▼▼▼

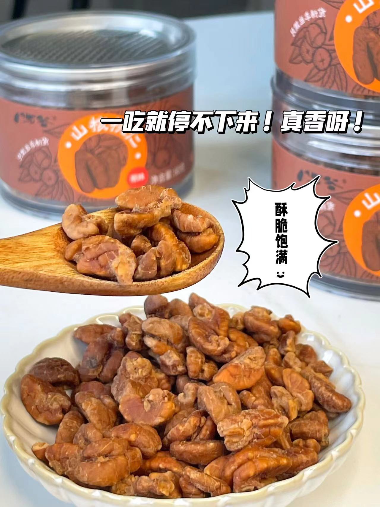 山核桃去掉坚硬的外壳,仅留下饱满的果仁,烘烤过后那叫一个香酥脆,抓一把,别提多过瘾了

▲▲▲
▼▼▼

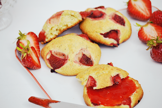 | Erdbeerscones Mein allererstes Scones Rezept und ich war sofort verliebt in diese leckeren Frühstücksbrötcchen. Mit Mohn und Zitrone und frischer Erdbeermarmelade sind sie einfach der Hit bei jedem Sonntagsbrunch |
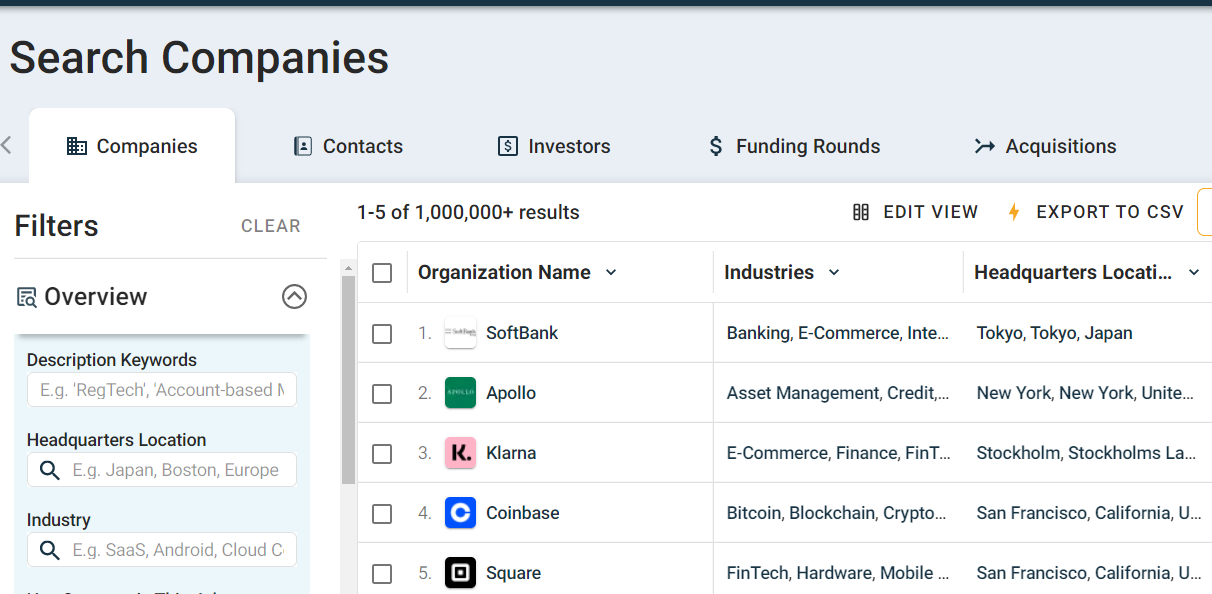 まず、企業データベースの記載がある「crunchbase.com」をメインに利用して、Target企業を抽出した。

▲▲▲
▼▼▼

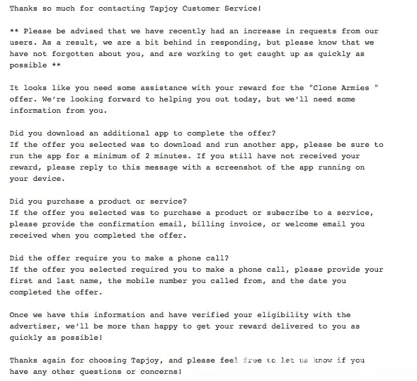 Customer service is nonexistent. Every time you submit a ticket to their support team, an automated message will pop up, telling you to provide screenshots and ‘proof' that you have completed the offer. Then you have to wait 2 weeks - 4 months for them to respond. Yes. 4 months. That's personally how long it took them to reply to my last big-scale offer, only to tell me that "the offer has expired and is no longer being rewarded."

▲▲▲

## EXERCISE INSTRUCTIONS
Above are the records; please give again, exactly and in full, only the lines that run from the line with "jedem Sonntagsbrunch |" through the line with "まず、企業データベースの記載", with no pictures.

## WRITTEN SOLUTION
 | Erdbeerscones Mein allererstes Scones Rezept und ich war sofort verliebt in diese leckeren Frühstücksbrötcchen. Mit Mohn und Zitrone und frischer Erdbeermarmelade sind sie einfach der Hit bei jedem Sonntagsbrunch |
 まず、企業データベースの記載がある「crunchbase.com」をメインに利用して、Target企業を抽出した。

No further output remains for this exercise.